WASHINGTON—The human body has strong immune defenses against cells of foreign species. For example, cells that produce a sugar known as galactose-alpha(1,3)galactose, found in many mammalian species but not in humans, trigger a hyperacute response in humans that destroys the great majority of the interloper cells. Cancer cells, however, which also contain many molecules not found in normal cells, nonetheless often elude the immune system’s defenses.
A single enzyme—alpha(1,3)galacto-syltransferase or alpha-GT—creates the foreign sugar. Now, researchers at the Stoddard Cancer Research Institute, Methodist & Lutheran Health System, Des Moines, are trying to exploit the natural immunity of the human to the nonhuman enzyme and turn the immune system that attacks foreign species cells against human breast cancer cells.

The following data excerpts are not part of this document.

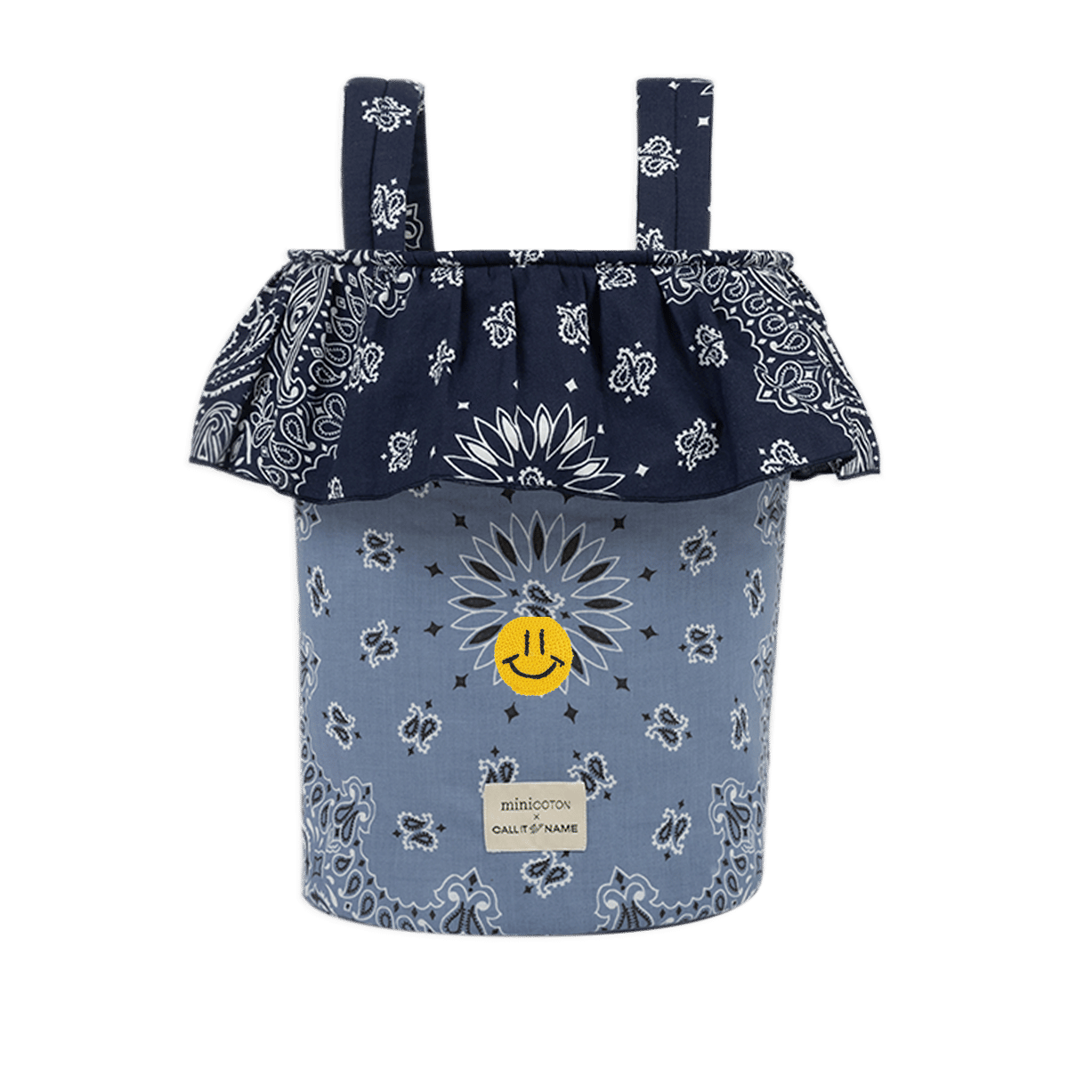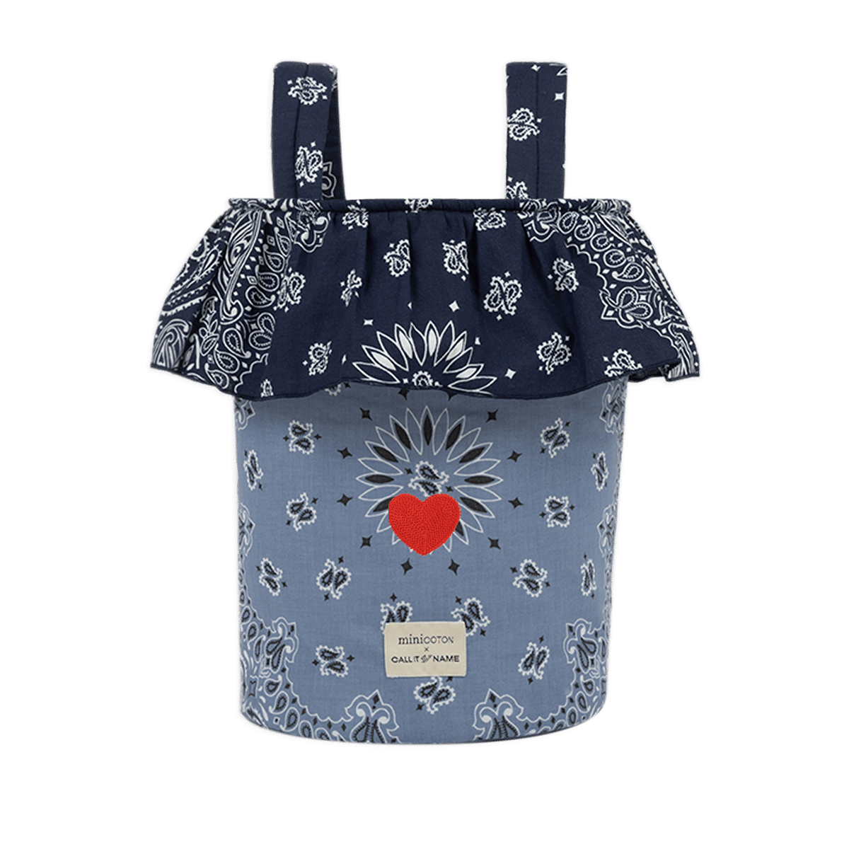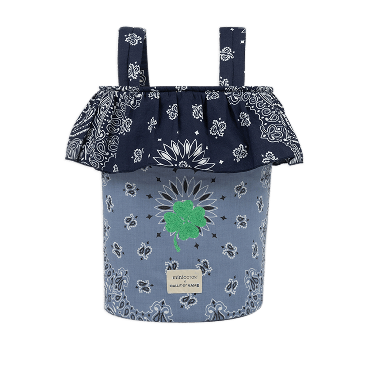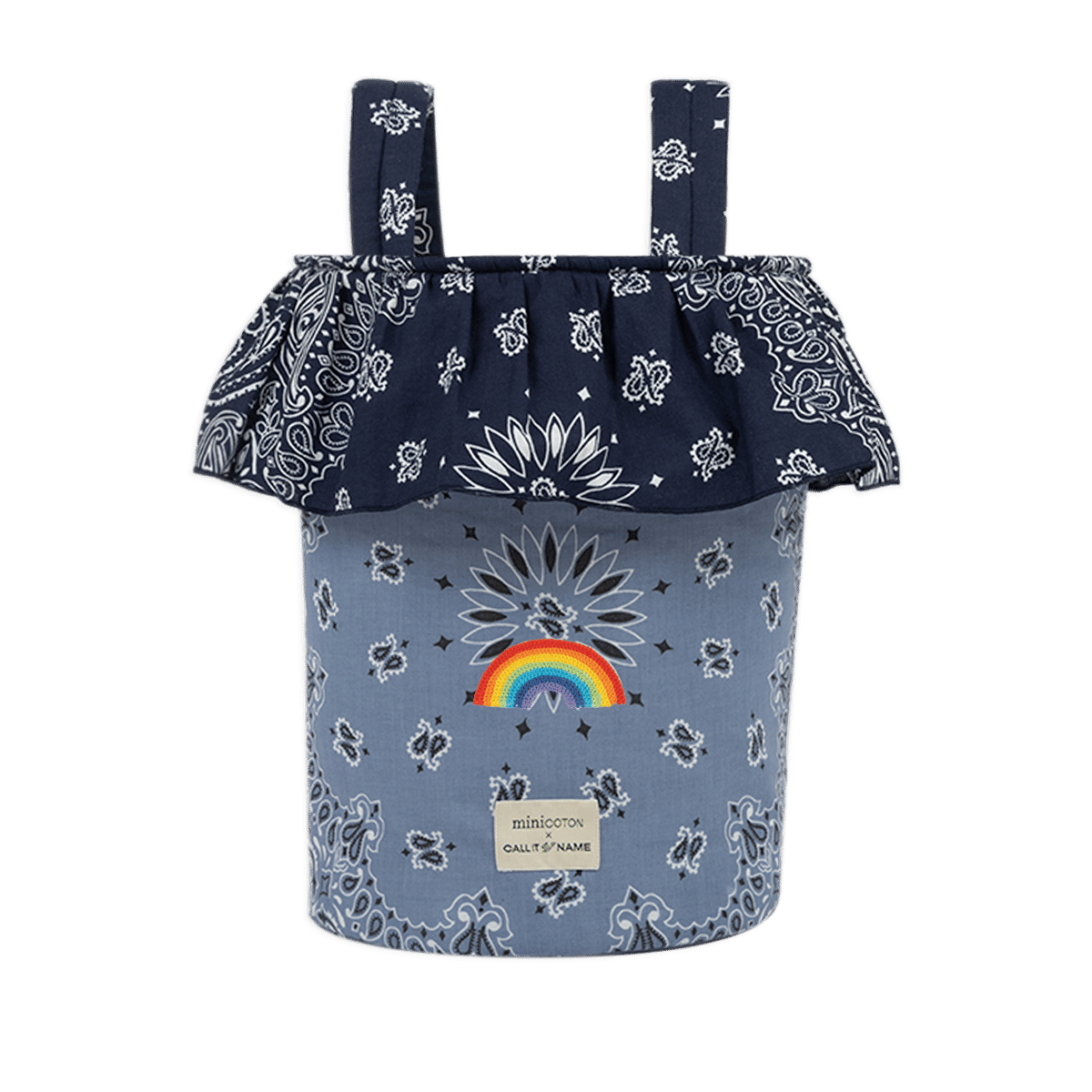Una bolsa muy especial por sus asas quita y pon, que adoptan diferentes posiciones para que sea perfecta como bolso de mano o bolsa para el cochecito. Con solo dos clics, tu bolsa cambia de formato para acompañarte de la mejor manera. Se cierra de manera muy práctica con sus cuerdas en la parte superior, como una bolsa de la merienda. Tiene gran capacidad y su interior es de tejido repelente al agua y a las manchas, fácil de lavar con un paño húmedo. Confeccionada con bandanas hechas en USA de 100% algodón.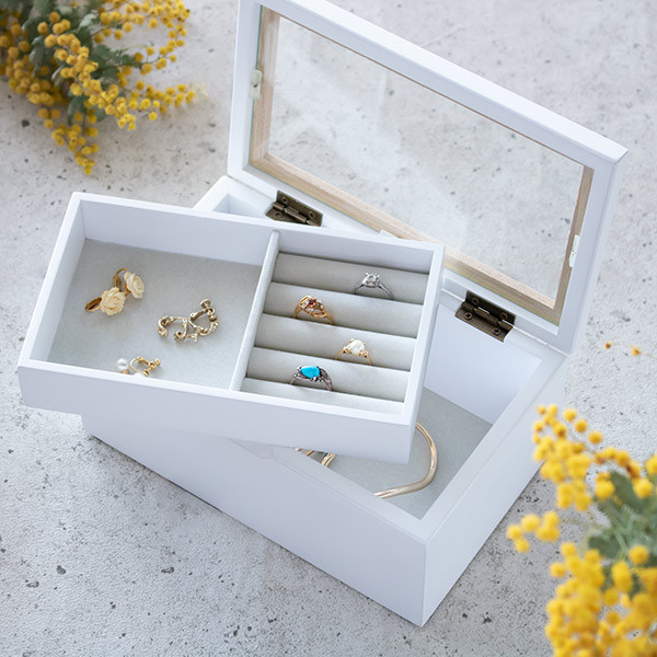 日常使いのアクセサリーをまとめるのにぴったりです。ガラスの天板になっているので「見せる収納」としてもお使いいただけます。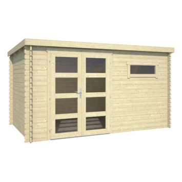 Het tuinhuis heeft een dubbele deur, voorzien van glas, zodat je overdag veel lichtinval hebt. Ook het raam aan de voorzijde zorgt voor extra licht. De deuren kun je veilig afsluiten met het bijgeleverde cilinderslot. Het platte dak helt met een heel lichte hoek met een kleine overstek voor de afwatering en wordt geleverd met een dakbedekking van asfaltvlies zodat het tuinhuis waterdicht is. Bij platte daken is het mogelijk om nog een extra laag bitumen aan de bovenkant van het dak te plaatsen om ervoor te zorgen dat het tuinhuis ook voor een langere periode beschermd is tegen water.

Charles J. Link, Jr., MD, director of the Institute, reported the work at the Susan G. Komen Breast Cancer Foundation 5th Annual Conference on Innovations in Quality Care.
Getting that foreign enzyme into human breast cancer tissues would produce the sugar, causing the immune system to perceive the breast cancer cells as foreign and destroy them, Dr. Link explained.
In effect, breast cancer cells infected with the foreign enzyme and introduced into a patient would act as a vaccine against the individual’s own breast cancer cells.
Tests on a mouse model have thus far proved the theoretical principle, Dr. Link said, and data are being gathered with an eye toward undertaking human trials. To that end, the alpha-GT gene has been cloned into an artificial herpesvirus that has a high propensity for infecting breast cells.
In the animal studies, breast cancer was induced both in knockout mice lacking alpha-GT and in normal mice. The gene was then inserted into the knockout mice.The virus-borne alpha-GT infection afforded the knockout mice "complete protection" from breast cancer cells, Dr. Link said, whereas every one of the normal controls had died of the cancer within 17 days.